Klein's thoughts rebounded to the pressing issue of the interior pages of the origami book. It looked like a costly limited-edition. He went into action with his paper napkins on the coffee-stained pages in a attempt of a rescue.


Page three was entitled “Ocean Waves.” The caption described Arika's work with blue-gray elephant-hide paper. It explained the use of two folds, a triangular pleat and a triangular twist, on a painstaking grid of triangular mountain and valley creases. From these folds the crests and troughs of waves in blue and gray had emerged and swept from the top left to the bottom right of the elephant hide.


Page five was entitled "Aztec City." Similar to "Ocean Waves" the artist had engineered an intricate landscape of temples, pyramids and other buildings from folds of hexagonal pleats and rectangular twists on a fine grid of yellow-brown, water-soaked, rhino paper.


But most startling of all to Klein was page seven. An unnerving, tangled, tessellated, human mask entitled "Eternal sadness" . It was staring straight from the glossy page into Klein's, dark, disappointed eyes. He wanted to weep but couldn't.


Klein did his best with the coffee shop napkins to minimize damage to Arika's beautiful designs.
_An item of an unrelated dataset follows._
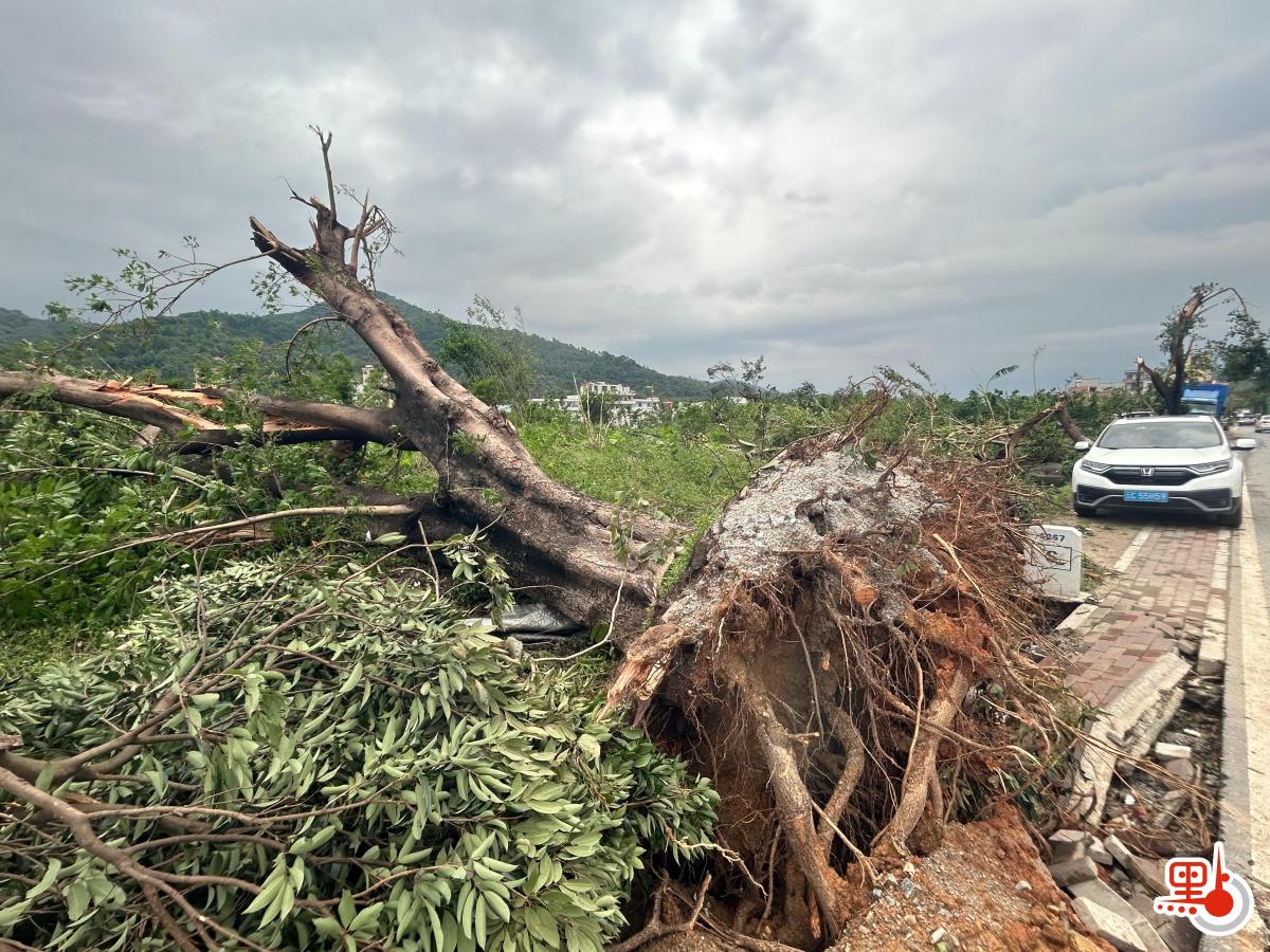 在良沙路光明村路段,一棵直徑超過1米的大樹倒伏在地上,樹根已完全暴露,樹幹以上已經全部被撕裂或斷枝。村民說,龍捲風所經過的地方,基本沒有一棵完整的樹木,大部分從樹幹部位就折斷了。

He was amazed by the emergence of the art work from the simple folds on the paper sheets. He was struck by the transformation of featureless, two-dimensional, paper into seascapes, landscapes and the soul of a human.


Deep from Klein's unconscious arose the intriguing thought of a universe emerging from the folds of space and time. Images appeared of twists, pleats and knots in spacetime as being the building blocks of earthly things. He imagined the knots as the entities from which the periodic table is made, from which our living cells are made, and from which our thoughts and emotions are made. He imagined our existence as knots in space and time.


He grabbed his notebook from the front pocket of his dilapidated backpack. He'd instantly understood that pleats and twists of triangles and rectangles were the building blocks of the two-dimensional world of the origami artist. And he visualized its extrapolation to pleats, twists and knots in the real world of space and time. He jotted down the possible folds in abstract mathematic language that to Klein were like pictures of the universe.


The number of twists, pleats and knots in space and time were almost a perfect match to known particles - electrons, protons, and so on. What had he discovered? The true nature of all matter as knots in space and time? His body was sweating, his pulse was rapid, his mind was running with thoughts and ideas.


Klein worked feverishly through the night in his cramped, untidy office. By morning he'd written a paper "Origins of matter from spacetime knots". It described the progression from possible folds in a toy two-dimensional world to possible folds in a real four-dimensional world. It described the properties of the spacetime knots and how they precisely matched the properties of known particles.


However, there existed an exception. One extra knot in Klein's work. It didn't match any known particles. It was a knot that was present in a different grid than other spacetime knots. It was a prediction of a new particle in a new world.


At 5:30 am Klein submitted his paper to the electronic archive. It would be read by mathematicians and scientists world-wide. His life was about to change.